TASK PROMPT: Each line in the records below, from the one that contains "NT40E2-4: 4 x 10 Gbps PCIe Gen2" to the one that contains "An Energy Star home in Vienna", should be reproduced exactly, the first and last included.

AVAILABLE RECORDS:
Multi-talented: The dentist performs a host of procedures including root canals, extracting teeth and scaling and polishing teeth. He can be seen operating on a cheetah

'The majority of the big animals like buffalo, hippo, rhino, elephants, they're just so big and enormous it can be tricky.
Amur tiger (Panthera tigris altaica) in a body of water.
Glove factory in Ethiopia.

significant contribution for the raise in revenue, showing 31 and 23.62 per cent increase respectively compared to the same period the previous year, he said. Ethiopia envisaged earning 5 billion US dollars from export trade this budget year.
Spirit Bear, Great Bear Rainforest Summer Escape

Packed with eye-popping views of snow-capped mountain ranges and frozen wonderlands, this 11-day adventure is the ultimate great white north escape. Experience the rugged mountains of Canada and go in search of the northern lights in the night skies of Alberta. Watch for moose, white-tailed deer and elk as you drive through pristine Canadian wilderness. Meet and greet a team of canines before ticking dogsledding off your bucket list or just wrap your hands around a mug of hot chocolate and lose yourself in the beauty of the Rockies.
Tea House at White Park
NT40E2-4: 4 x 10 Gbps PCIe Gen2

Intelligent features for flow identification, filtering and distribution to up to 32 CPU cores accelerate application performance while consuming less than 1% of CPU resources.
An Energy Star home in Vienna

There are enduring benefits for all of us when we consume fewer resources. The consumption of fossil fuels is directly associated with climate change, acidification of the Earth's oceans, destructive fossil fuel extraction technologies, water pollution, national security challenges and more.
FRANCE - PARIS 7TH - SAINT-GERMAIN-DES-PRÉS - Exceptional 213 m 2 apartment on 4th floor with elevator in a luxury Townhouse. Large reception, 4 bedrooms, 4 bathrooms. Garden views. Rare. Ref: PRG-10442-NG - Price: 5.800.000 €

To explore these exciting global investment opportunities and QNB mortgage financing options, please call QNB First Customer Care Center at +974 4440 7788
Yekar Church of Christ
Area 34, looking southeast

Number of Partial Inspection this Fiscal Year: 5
---
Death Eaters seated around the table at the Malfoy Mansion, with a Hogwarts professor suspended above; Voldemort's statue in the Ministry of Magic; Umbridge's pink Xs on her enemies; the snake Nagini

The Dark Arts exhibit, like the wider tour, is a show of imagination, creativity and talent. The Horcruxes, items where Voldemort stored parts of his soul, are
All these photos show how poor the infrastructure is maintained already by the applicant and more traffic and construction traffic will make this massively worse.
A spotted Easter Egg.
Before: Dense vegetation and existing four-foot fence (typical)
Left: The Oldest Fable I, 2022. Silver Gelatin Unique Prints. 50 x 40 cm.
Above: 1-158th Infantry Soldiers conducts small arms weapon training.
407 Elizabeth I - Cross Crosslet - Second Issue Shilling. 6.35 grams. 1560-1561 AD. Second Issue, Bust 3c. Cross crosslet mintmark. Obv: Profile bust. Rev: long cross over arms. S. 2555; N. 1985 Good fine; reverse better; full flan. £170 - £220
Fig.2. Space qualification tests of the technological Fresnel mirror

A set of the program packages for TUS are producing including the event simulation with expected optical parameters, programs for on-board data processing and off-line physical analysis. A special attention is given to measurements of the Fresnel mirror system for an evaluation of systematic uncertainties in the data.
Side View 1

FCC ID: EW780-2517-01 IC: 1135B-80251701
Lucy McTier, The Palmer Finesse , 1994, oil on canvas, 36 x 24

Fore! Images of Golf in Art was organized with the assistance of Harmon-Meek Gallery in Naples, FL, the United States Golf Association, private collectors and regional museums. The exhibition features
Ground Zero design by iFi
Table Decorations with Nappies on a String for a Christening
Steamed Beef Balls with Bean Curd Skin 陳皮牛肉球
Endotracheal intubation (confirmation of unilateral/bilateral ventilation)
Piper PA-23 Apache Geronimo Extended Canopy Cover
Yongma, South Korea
--
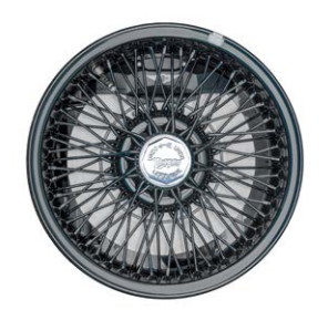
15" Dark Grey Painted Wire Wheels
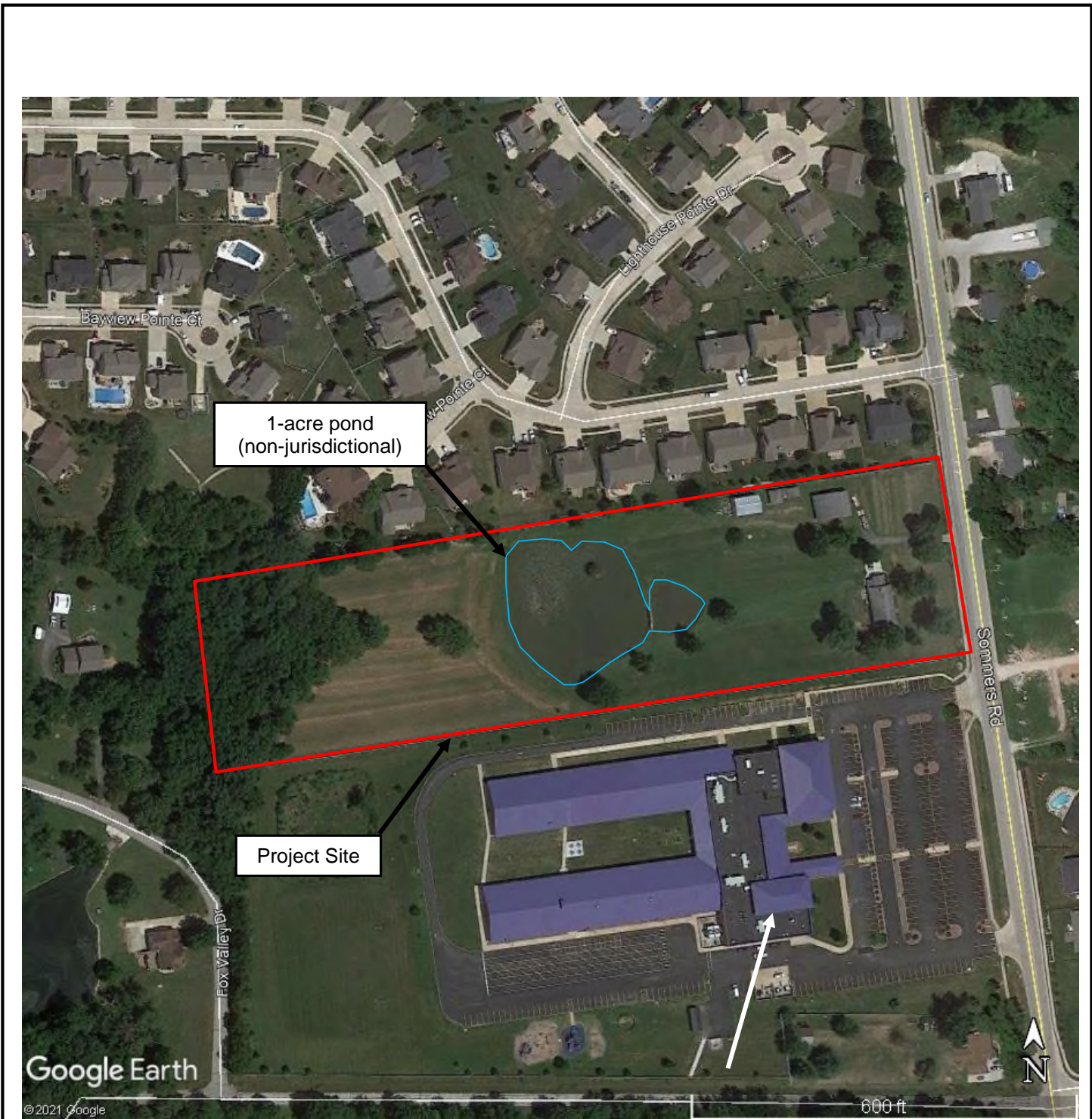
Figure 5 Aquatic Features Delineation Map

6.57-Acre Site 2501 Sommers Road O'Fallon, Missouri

TASK OUTPUT:
NT40E2-4: 4 x 10 Gbps PCIe Gen2

Intelligent features for flow identification, filtering and distribution to up to 32 CPU cores accelerate application performance while consuming less than 1% of CPU resources.
An Energy Star home in Vienna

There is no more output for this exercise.